Requirement
From the listing below, copy only the lines running from the line that contains "Sunset Beach 16752" to the line that contains "长征十号运载火箭一级箭体按程序受控安全溅落于预定海域。", both included.

Data records

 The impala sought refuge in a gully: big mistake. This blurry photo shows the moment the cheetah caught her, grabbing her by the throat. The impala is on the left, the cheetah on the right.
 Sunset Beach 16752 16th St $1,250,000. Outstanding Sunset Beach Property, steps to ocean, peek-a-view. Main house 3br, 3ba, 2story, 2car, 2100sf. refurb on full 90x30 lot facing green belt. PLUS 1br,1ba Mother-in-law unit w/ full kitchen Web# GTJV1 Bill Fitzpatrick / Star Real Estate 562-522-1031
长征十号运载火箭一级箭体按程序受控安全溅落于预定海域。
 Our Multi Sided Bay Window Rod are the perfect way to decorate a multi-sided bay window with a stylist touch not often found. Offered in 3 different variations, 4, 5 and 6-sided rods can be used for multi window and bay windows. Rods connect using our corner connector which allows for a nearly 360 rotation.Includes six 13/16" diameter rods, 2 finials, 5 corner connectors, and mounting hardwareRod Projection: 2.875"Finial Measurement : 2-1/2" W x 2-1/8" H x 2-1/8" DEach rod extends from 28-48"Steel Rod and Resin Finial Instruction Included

==

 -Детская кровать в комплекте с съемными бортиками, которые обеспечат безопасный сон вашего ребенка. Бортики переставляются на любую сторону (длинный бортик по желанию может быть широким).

Exercise response
 Sunset Beach 16752 16th St $1,250,000. Outstanding Sunset Beach Property, steps to ocean, peek-a-view. Main house 3br, 3ba, 2story, 2car, 2100sf. refurb on full 90x30 lot facing green belt. PLUS 1br,1ba Mother-in-law unit w/ full kitchen Web# GTJV1 Bill Fitzpatrick / Star Real Estate 562-522-1031
长征十号运载火箭一级箭体按程序受控安全溅落于预定海域。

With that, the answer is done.